É por essa razão que, ao discutirmos o significado das políticas

públicas no processo de territorialização camponesa, procuramos evidenciar que

não se trata de um movimento unidirecional, como se as determinações

hegemônicas se materializassem na forma pura, tal qual idealizadas e planejadas

por seus mentores.

Ao ser lançado no plano material, esse ideal concebido estará

propenso a modificações, na medida exata das interferências decorrentes da colisão

de interesses divergentes. Assim se materializa o conflito de classes, expressando

um movimento contraditório em que o progresso é portador do retrocesso, na

perspectiva do poder e sua confluência nas parcelas do território. Como vimos, essa

dinâmica é determinada pela conjuntura das forças políticas, logo dos respectivos

níveis de coesão, os quais atestam seu fortalecimento ou enfraquecimento.

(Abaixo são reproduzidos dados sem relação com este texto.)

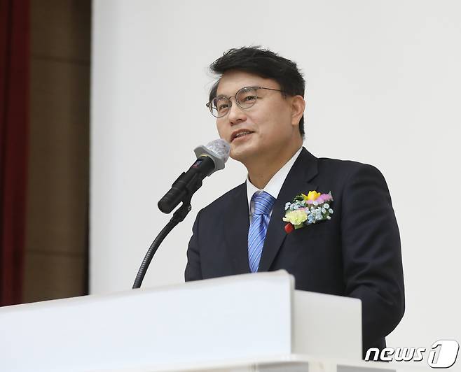 (고양=뉴스1) ,송원영 기자 = 국민의힘 당권 주자인 윤상현 의원이 4일 경기 일산서구청에서 열린 고양정 당협의회 신년하례식에서 인사말을 하고 있다. 2023.2.4/뉴스1

Todavia, temos visto que o embate de classes não está circunscrito

aos confrontos diretos, embora a classe camponesa também possa adotá-los como

estratégia de luta em determinadas circunstâncias. Não há dúvida que esse é um

recurso incomum, justamente por ser acionado no ponto limite das contradições. A

nosso ver, as práticas que ensejam sua recriação evidenciam a dimensão cotidiana

do conflito, igualmente enfrentado com determinação política. É com base nessa

perspectiva que se chega ao entendimento de que sua perpetuação é produto das

contradições e não simplesmente de concessões das forças hegemônicas.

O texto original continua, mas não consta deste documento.